US Coins

Anthony dollar becomes a reality: Q. David Bowers

The Joys of Collecting column from the Jan. 11, 2016, issue of Coin World:

As noted in my Jan. 4, 2016, column, by 1977 Congress and the Treasury Department realized that Eisenhower dollars, minted since 1971 and intended to replace the paper dollar bill in circulation, were not going to do so, nor did the public like them. In fact, from my own experience I never received an Ike dollar in change, but I did see some on gaming tables in Las Vegas in the early 1970s.

In 1977 it was determined to try again — this time with a small-diameter “mini dollar” that would be easy to carry.

A new (mostly) cast of players in Congress and the Treasury Department reasoned that, indeed, the new coin would replace the paper dollar.

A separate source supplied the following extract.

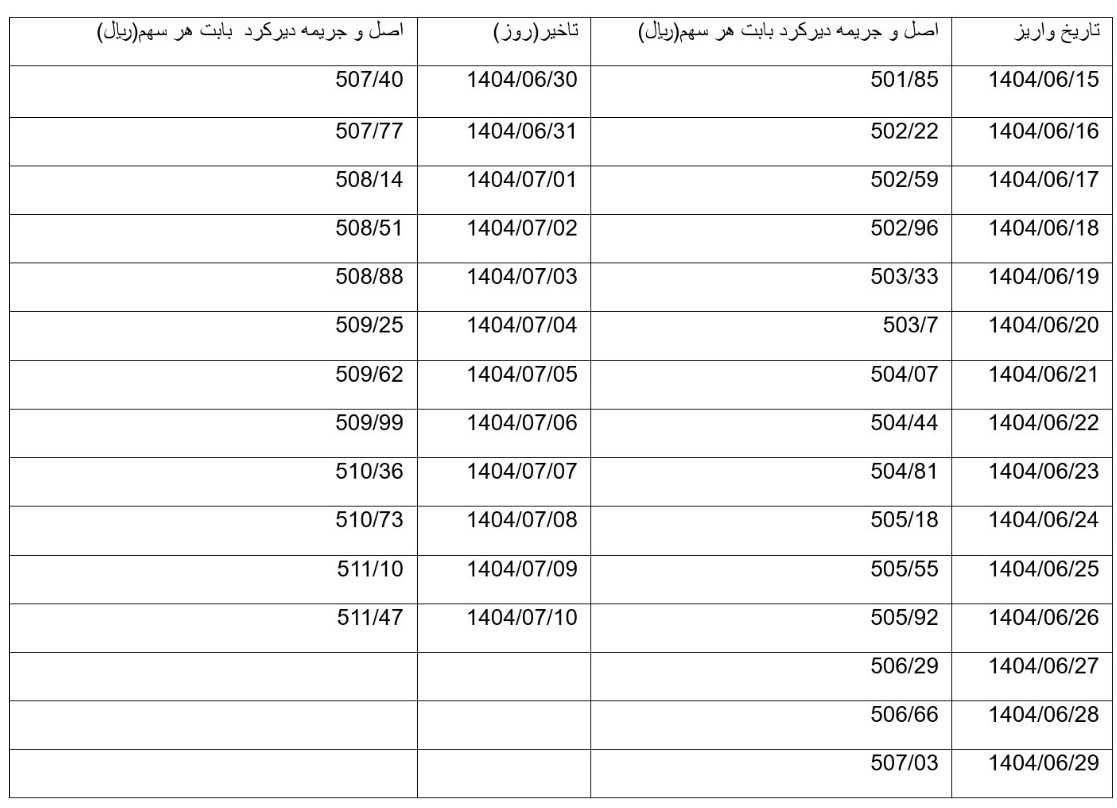 \r\n\r\n\r\nبدینوسیله به استحضار سهامداران محترم شرکت بیمه اتکایی رایا می رساند در اجرای مفاد ماده (5) اساسنامه شرکت در خصوص تادیه مبلغ باقیمانده هر سهم از سرمایه ثبت شده و به موجب مصوبه مورخ 1404.04.31 هیئت مدیره شرکت، مطابق اطلاعیه مندرج در سامانه کدال و روزنامه دنیای اقتصاد مورخ 1404.05.08 مقرر گردید مبلغ 500 ریال به ازای هر سهم از سهامداران محترم مطالبه گردد. لذا سهامدارانی که تا تاریخ 1404.06.10 موفق به پرداخت مبلغ باقیمانده سهام خود نشده اند مطابق با اطلاعیه مندرج در سامانه کدال و آگهی درج شده در روزنامه دنیای اقتصاد در تاریخ 1404.05.22، مطابق با مفاد مواد 35 تا 38 لایحه اصلاحی قسمتی از قانون تجارت، می بایستی بر اساس تاریخ روز پرداخت نسبت به تادیه وجه مورد نظر (500 ریال به ازای هر سهم) به علاوه خسارت دیرکرد از قرار نرخ رسمی بهره اعلامی شورای پول و اعتبار بعلاوه 4 درصد در سال (طبق محاسبات مندرج در جدول زیر که به ازای هر سهم و هر روز تاخیر انجام شده است) حداکثر یک ماه پس از تاریخ تعیین شده به شرح فوق (تا تاریخ 1404.07.10) به شماره حساب: 127996719271531 (شماره شبا: IR210640012799671927153001) نزد بانک گردشگری شعبه شریعتی کد 127 به نام شرکت بیمه اتکایی رایا (سهامی عام) اقدام نمایند؛ و رسید واریز وجه به همراه مشخصات کامل سهامداران و اطلاعات تماس ظرف مهلت مقرر به دفتر مرکزی شرکت واقع در تهران، خیابان دیباجی جنوبی، نبش خیابان برادران جوزی، پلاک 132، ساختمان رایا طبقه دوم یا به پست الکترونیک شرکت به نشانی Info@Rayare.ir ارسال نمایند.

U.S. Mint Chief Engraver Frank Gasparro set about creating a design — a reiteration of the classical Liberty Cap motif used on the Libertas Americana medal and then on copper coins beginning in 1793. The reverse showed the National Bird in a traditional pose. Last week I illustrated the concept. How marvelous — a beautiful design, a return to tradition. The Treasury Department was excited, and surveys conducted by Coin World and others showed overwhelming approval by the collector community.

Ignore the preceding!

In 1978, Treasury Department, influenced by Congress’ “social progress,” discarded the highly praised Liberty Head motif and directed Gasparro to use suffragist Susan B. Anthony on the obverse.

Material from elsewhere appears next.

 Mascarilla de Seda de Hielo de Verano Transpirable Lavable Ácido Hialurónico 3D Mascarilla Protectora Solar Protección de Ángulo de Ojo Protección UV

For the reverse, Congress and the Treasury wanted a reduced version of the Apollo 11 motif used in the Eisenhower dollar.

Gasparro changed course and with newfound enthusiasm gathered many different Anthony portraits adapted from prints, engravings, and photographs, now all reproduced to be about the same size, and at one time on display in his office. Approval of the Anthony dollar was passed by Congress on Sept. 26, 1978.

On Dec. 13, 1978, a test run of about 1 million coins was made at the Philadelphia Mint, using 1979-dated dies. The event was opened to government officials and invited guests from the media and public sector. I was there. At 11:25 a.m., four presses were started simultaneously with two dignitaries attending each. Mint Director Stella B. Hackel and Philadelphia Mint Superintendent Shallie M. Bey were at Press No. 4. The “Susies” were now a reality!